Transcribe the listing that follows in full, exactly, and drop its images.

> _Records for this task_:
- - -
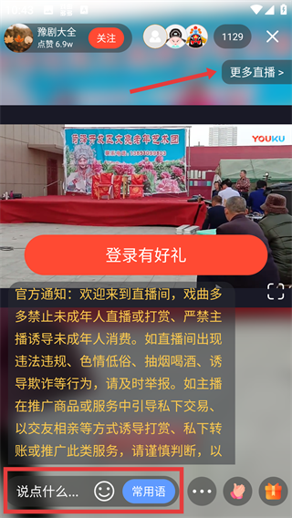 3、在直播间内,我们可以在底部输入框和其他戏迷互动交流,还可以点击【更多直播】。
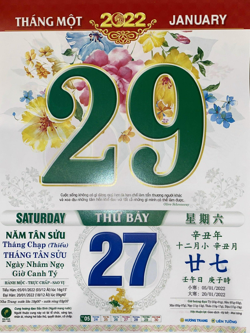 Thứ 7 ngày 29 tháng 1 năm 2022
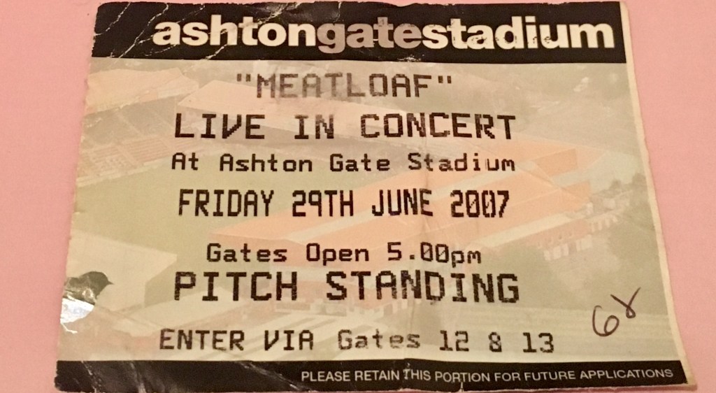 Comment: Less than a week after my first festival and I was hooked. Unfortunately while Glastonbury was free, Meat Loaf set me back £50. I had yet to learn how expensive gigs could be, and was horrified at the cost. Mum also wanted to go, but couldn’t justify the price. She did however get to listen from outside the gate, as being a selfish teenager I still expected her to drive us, and didn’t even consider buying her a ticket as a thank you.
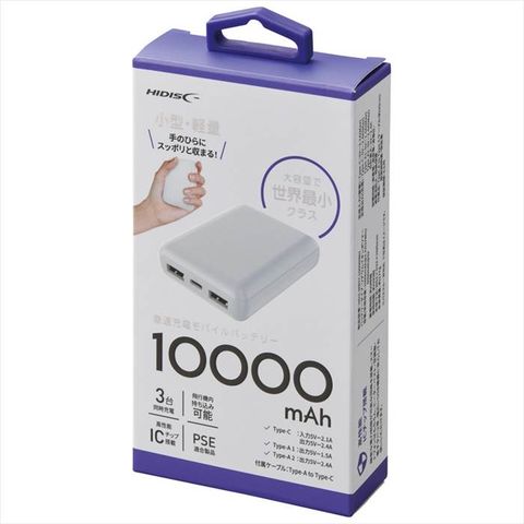 ■商品紹介:ポケットにすっぽり収まるコンパクトボディに、10000mAhの大容量。急速充電、3台同時充電可能なモバイルバッテリー。■USB Type-C入出力対応■3台同時充電可能■保護回路(ショート、過充電、過放電、過電流、過熱防止)
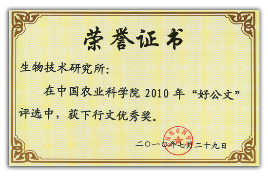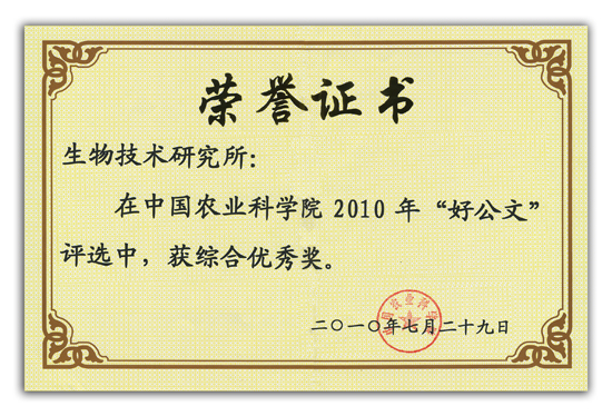 日前,我院举行了“2010年度好公文”评选,全院共推荐参评公文93份,我所在众多参选公文中脱颖而出,荣获综合优秀奖和下行文优秀奖,这是我所连续两次在院“好公文”评选中获得荣誉。我院2010年度综合政务会议在呼和浩特召开?;嵋槲竦?ldquo;2010年度好公文”综合优秀奖的10个单位、单项优秀奖的3个单位颁发了荣誉证书。所综合处处长孙丽萍出席了会议,并代表我所就公文处理工作在大会上进行了交流发言,为今后共同做好公文处理工作拓宽思路。
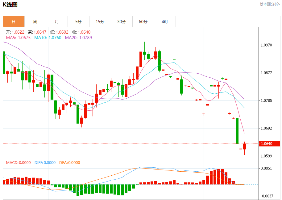 汇价高见1.0647,低见1.0602。上一交易日,汇价收于1.0624。
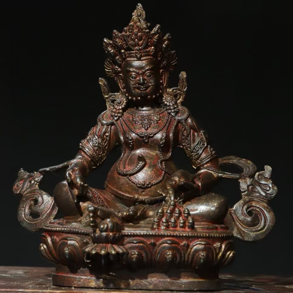 > 仏像 清代 旧蔵 古銅蒔絵【蔵伝黄財神仏像】造像 銅製 銅琉金 仏教 唐物 收蔵品 時代物 古美術 細密造 古置物 希少珍品 供養品 5.31
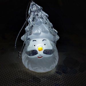 Clear White Santa Claus Lights Up Ornament Battery Operated Ornament
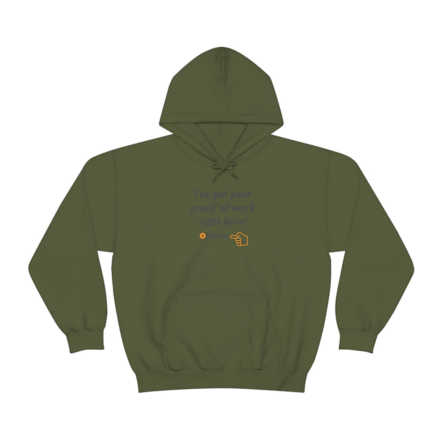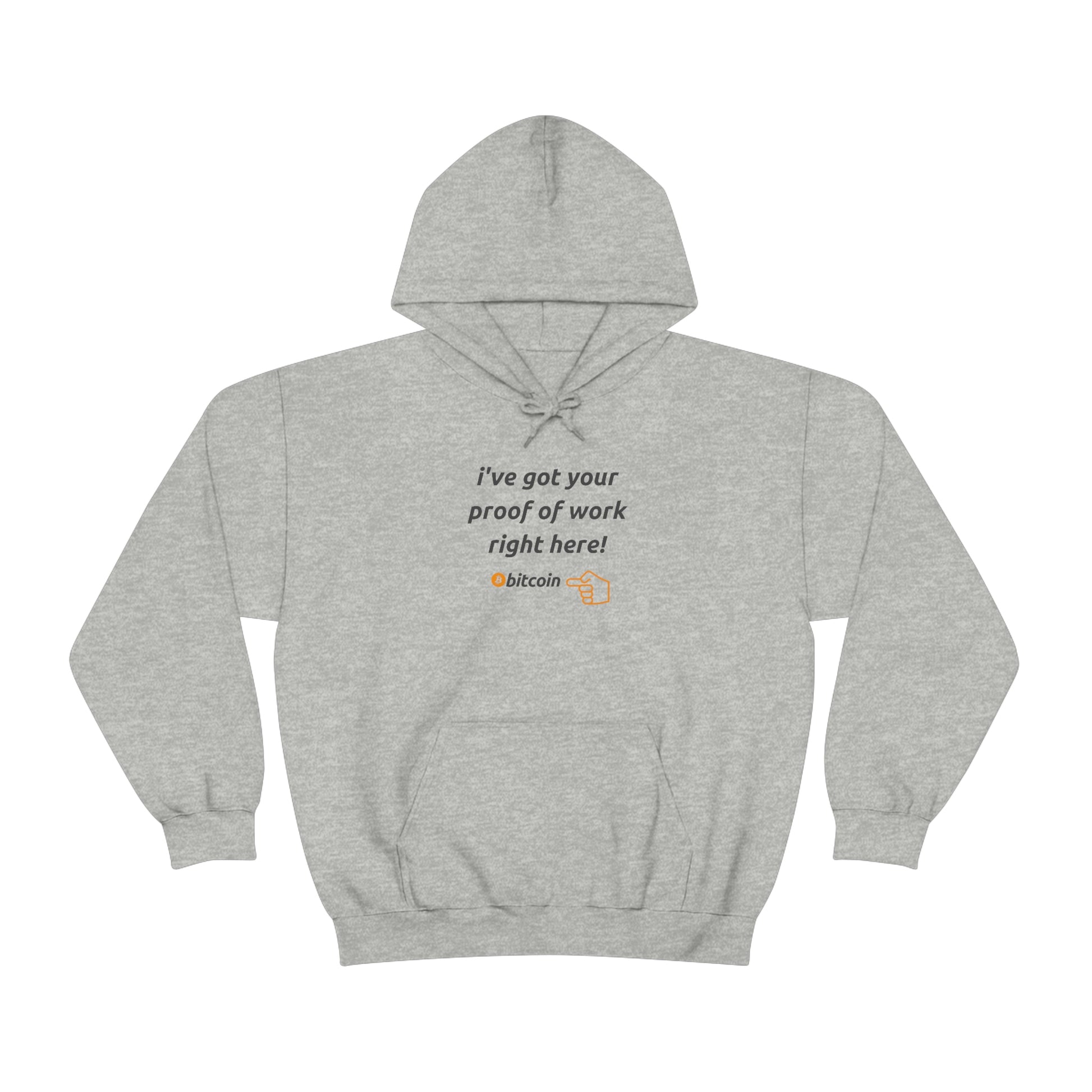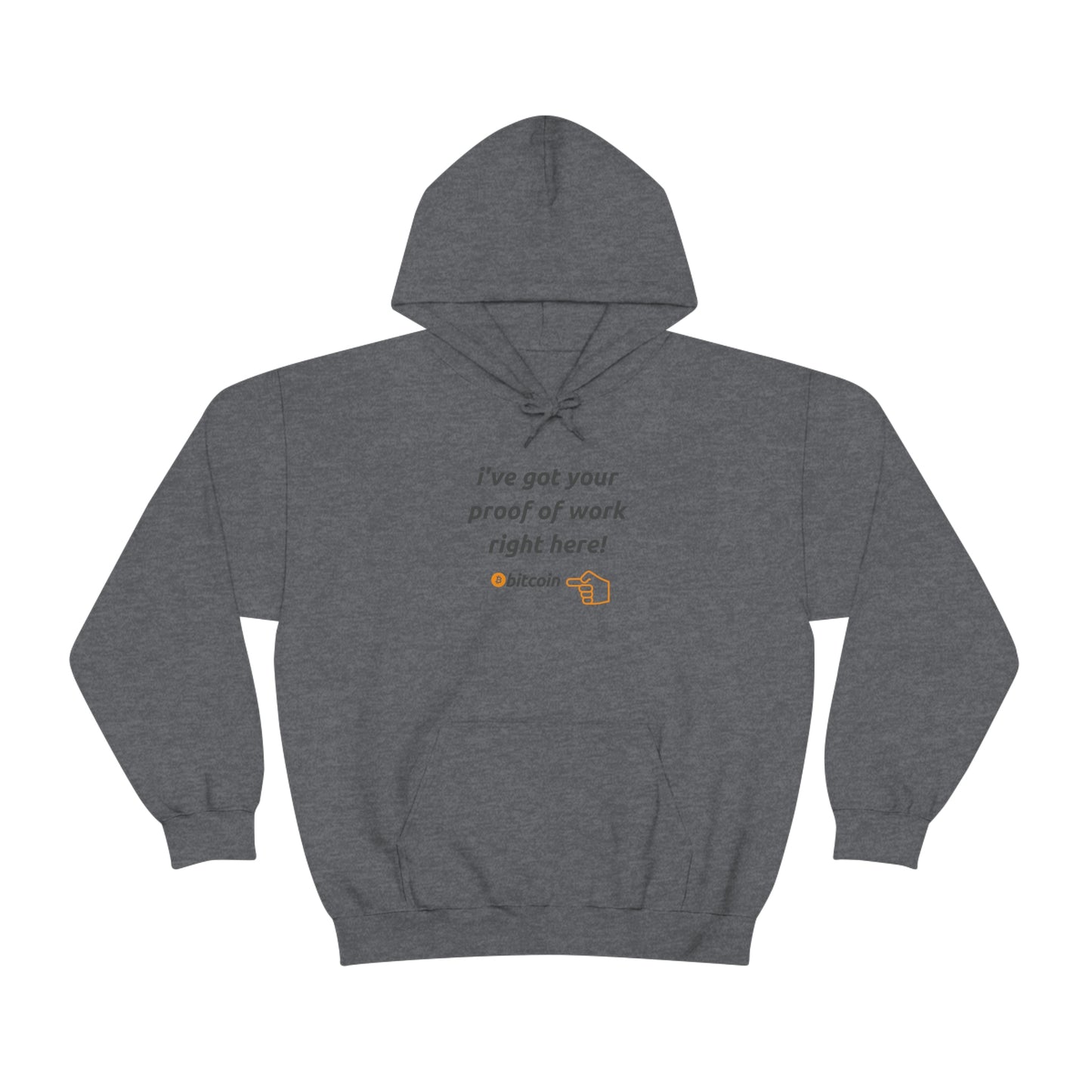This BTC Proof unisex heavy blend hooded sweatshirt is relaxation itself. Made with a thick blend of cotton and polyester, it feels plush, soft and warm, a perfect choice for any cold day. In the front, the spacious kangaroo pocket adds daily practicality while the hood's drawstring is the same color as the base sweater for extra style points.
- - -
> _Solution to this task_:
 3、在直播间内,我们可以在底部输入框和其他戏迷互动交流,还可以点击【更多直播】。
 Thứ 7 ngày 29 tháng 1 năm 2022
 Comment: Less than a week after my first festival and I was hooked. Unfortunately while Glastonbury was free, Meat Loaf set me back £50. I had yet to learn how expensive gigs could be, and was horrified at the cost. Mum also wanted to go, but couldn’t justify the price. She did however get to listen from outside the gate, as being a selfish teenager I still expected her to drive us, and didn’t even consider buying her a ticket as a thank you.
 ■商品紹介:ポケットにすっぽり収まるコンパクトボディに、10000mAhの大容量。急速充電、3台同時充電可能なモバイルバッテリー。■USB Type-C入出力対応■3台同時充電可能■保護回路(ショート、過充電、過放電、過電流、過熱防止)
 日前,我院举行了“2010年度好公文”评选,全院共推荐参评公文93份,我所在众多参选公文中脱颖而出,荣获综合优秀奖和下行文优秀奖,这是我所连续两次在院“好公文”评选中获得荣誉。我院2010年度综合政务会议在呼和浩特召开?;嵋槲竦?ldquo;2010年度好公文”综合优秀奖的10个单位、单项优秀奖的3个单位颁发了荣誉证书。所综合处处长孙丽萍出席了会议,并代表我所就公文处理工作在大会上进行了交流发言,为今后共同做好公文处理工作拓宽思路。
 汇价高见1.0647,低见1.0602。上一交易日,汇价收于1.0624。
 > 仏像 清代 旧蔵 古銅蒔絵【蔵伝黄財神仏像】造像 銅製 銅琉金 仏教 唐物 收蔵品 時代物 古美術 細密造 古置物 希少珍品 供養品 5.31
 Clear White Santa Claus Lights Up Ornament Battery Operated Ornament
This BTC Proof unisex heavy blend hooded sweatshirt is relaxation itself. Made with a thick blend of cotton and polyester, it feels plush, soft and warm, a perfect choice for any cold day. In the front, the spacious kangaroo pocket adds daily practicality while the hood's drawstring is the same color as the base sweater for extra style points.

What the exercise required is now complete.